• **Data for review**

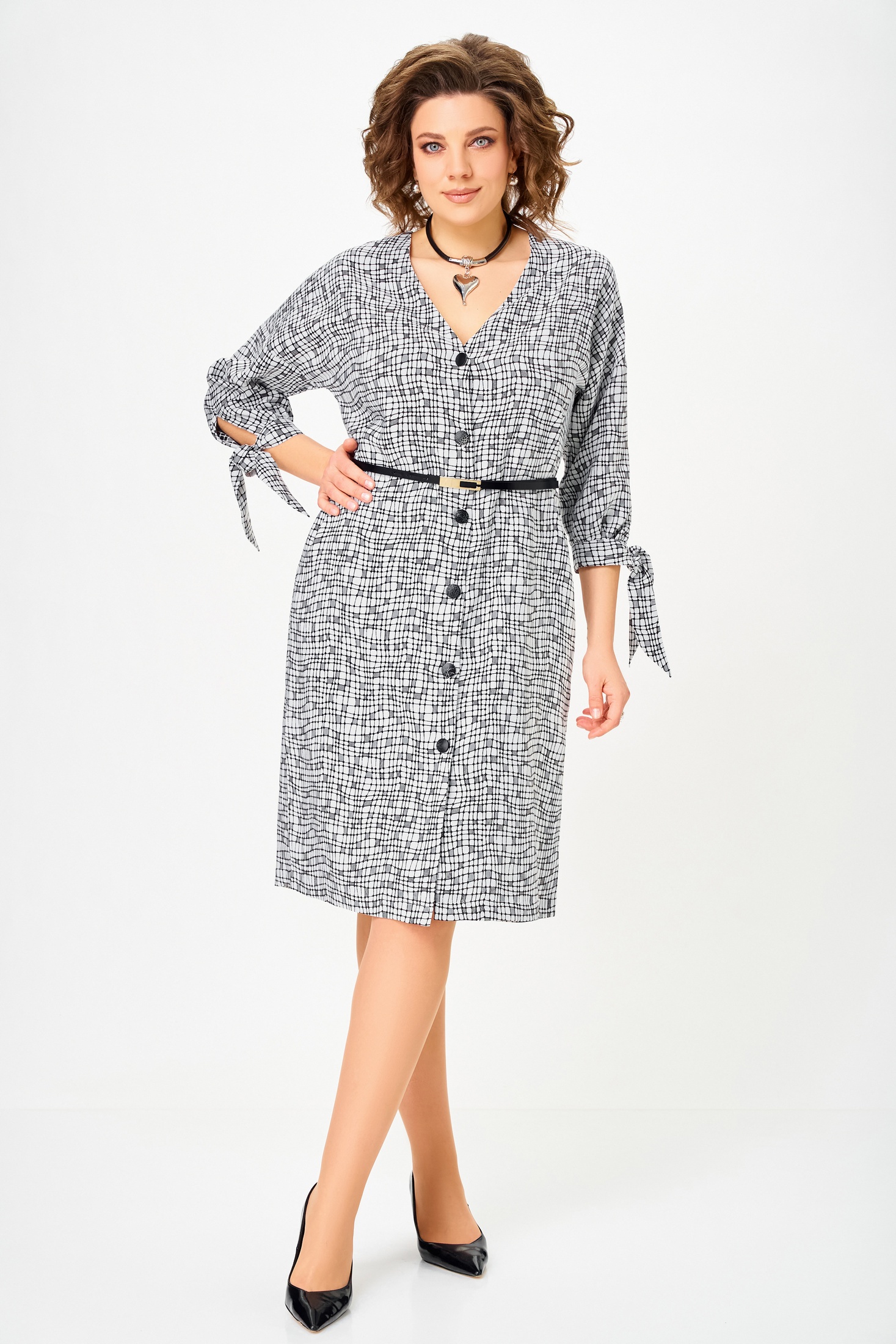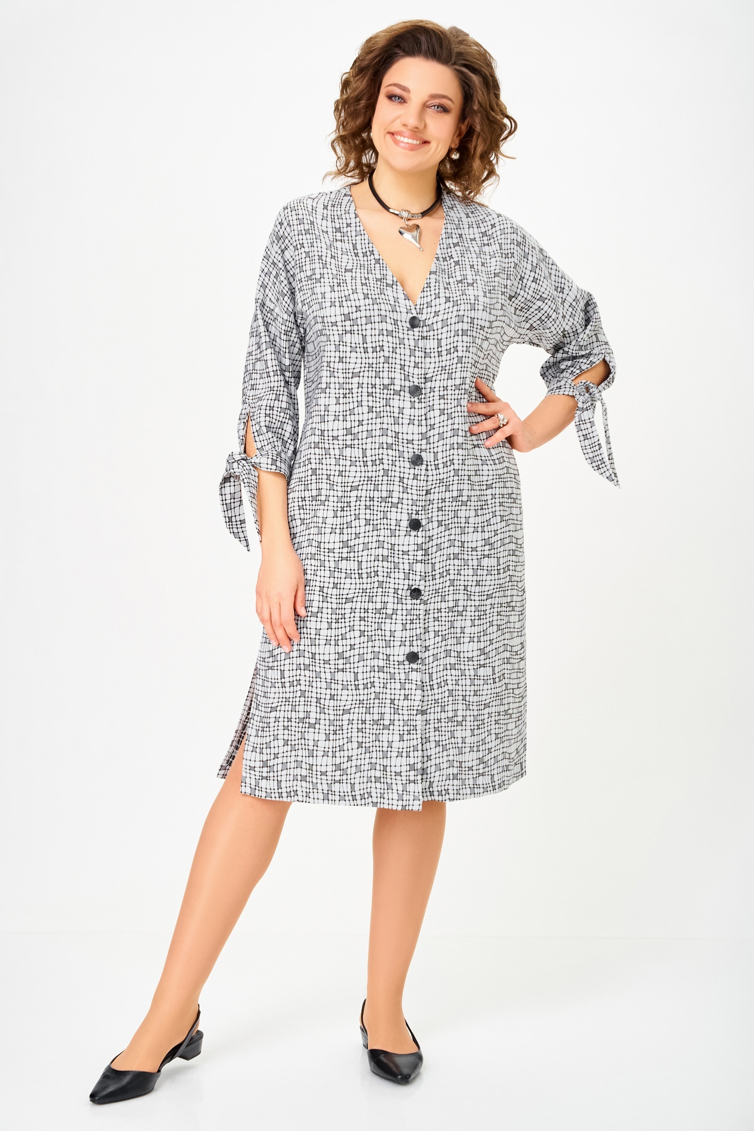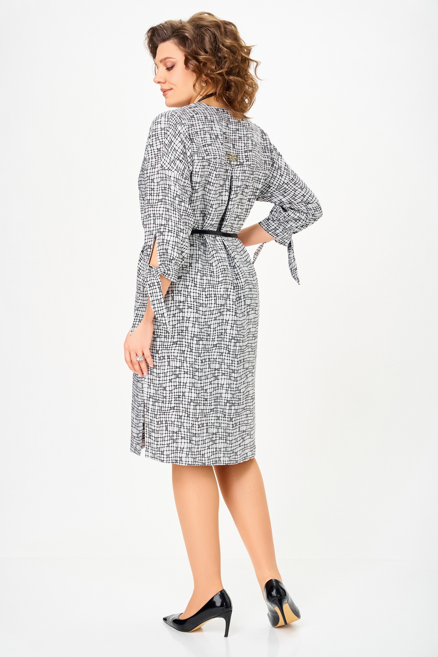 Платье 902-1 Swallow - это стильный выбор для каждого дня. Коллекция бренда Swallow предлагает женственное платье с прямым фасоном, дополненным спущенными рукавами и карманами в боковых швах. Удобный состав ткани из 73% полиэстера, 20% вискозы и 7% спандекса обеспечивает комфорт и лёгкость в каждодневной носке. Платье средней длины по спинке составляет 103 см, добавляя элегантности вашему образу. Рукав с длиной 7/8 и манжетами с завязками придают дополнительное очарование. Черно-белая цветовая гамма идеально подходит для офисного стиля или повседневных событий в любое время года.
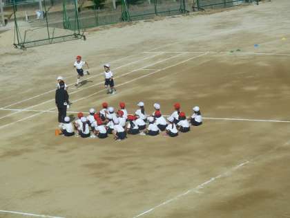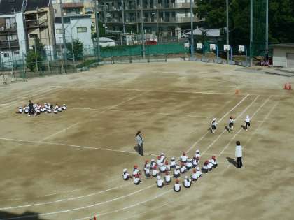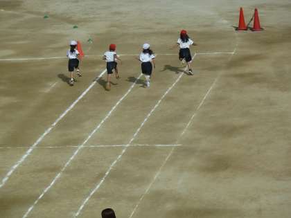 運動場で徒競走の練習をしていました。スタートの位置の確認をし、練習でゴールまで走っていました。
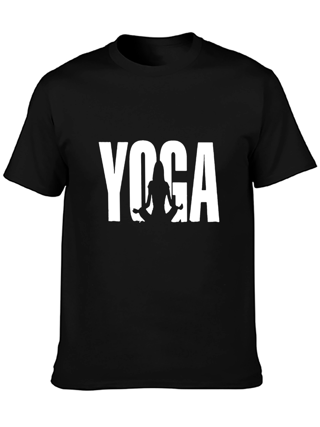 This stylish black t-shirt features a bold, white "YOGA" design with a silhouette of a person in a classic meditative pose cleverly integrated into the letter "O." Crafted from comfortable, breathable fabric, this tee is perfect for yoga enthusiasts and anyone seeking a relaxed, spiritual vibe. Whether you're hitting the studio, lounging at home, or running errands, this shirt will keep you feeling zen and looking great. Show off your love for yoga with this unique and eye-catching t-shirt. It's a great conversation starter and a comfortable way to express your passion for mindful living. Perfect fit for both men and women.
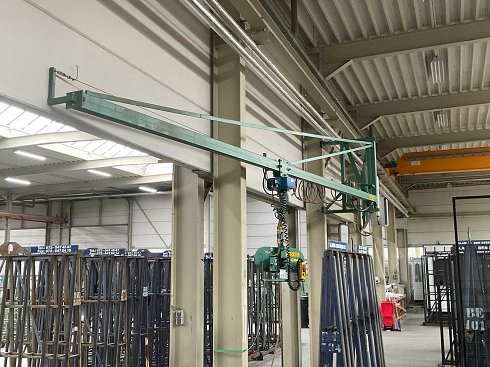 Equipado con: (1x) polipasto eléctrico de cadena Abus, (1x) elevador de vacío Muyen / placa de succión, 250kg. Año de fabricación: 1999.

==

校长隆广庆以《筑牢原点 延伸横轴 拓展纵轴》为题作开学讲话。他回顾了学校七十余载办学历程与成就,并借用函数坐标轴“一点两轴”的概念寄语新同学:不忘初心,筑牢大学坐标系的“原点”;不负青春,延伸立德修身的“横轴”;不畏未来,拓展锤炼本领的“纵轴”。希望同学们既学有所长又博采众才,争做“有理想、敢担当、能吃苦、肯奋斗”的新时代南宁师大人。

--

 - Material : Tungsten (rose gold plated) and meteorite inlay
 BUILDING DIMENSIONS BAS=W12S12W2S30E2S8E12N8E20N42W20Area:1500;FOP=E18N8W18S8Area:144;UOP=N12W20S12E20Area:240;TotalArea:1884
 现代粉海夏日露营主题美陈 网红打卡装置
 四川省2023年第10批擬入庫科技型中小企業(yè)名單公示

• **About this task**
The output is the stretch above from the line with "Платье 902-1 Swallow" through the line with "Equipado con: (1x)", copied word for word with both ends kept and every picture dropped.

• **Reply**
 Платье 902-1 Swallow - это стильный выбор для каждого дня. Коллекция бренда Swallow предлагает женственное платье с прямым фасоном, дополненным спущенными рукавами и карманами в боковых швах. Удобный состав ткани из 73% полиэстера, 20% вискозы и 7% спандекса обеспечивает комфорт и лёгкость в каждодневной носке. Платье средней длины по спинке составляет 103 см, добавляя элегантности вашему образу. Рукав с длиной 7/8 и манжетами с завязками придают дополнительное очарование. Черно-белая цветовая гамма идеально подходит для офисного стиля или повседневных событий в любое время года.
 運動場で徒競走の練習をしていました。スタートの位置の確認をし、練習でゴールまで走っていました。
 This stylish black t-shirt features a bold, white "YOGA" design with a silhouette of a person in a classic meditative pose cleverly integrated into the letter "O." Crafted from comfortable, breathable fabric, this tee is perfect for yoga enthusiasts and anyone seeking a relaxed, spiritual vibe. Whether you're hitting the studio, lounging at home, or running errands, this shirt will keep you feeling zen and looking great. Show off your love for yoga with this unique and eye-catching t-shirt. It's a great conversation starter and a comfortable way to express your passion for mindful living. Perfect fit for both men and women.
 Equipado con: (1x) polipasto eléctrico de cadena Abus, (1x) elevador de vacío Muyen / placa de succión, 250kg. Año de fabricación: 1999.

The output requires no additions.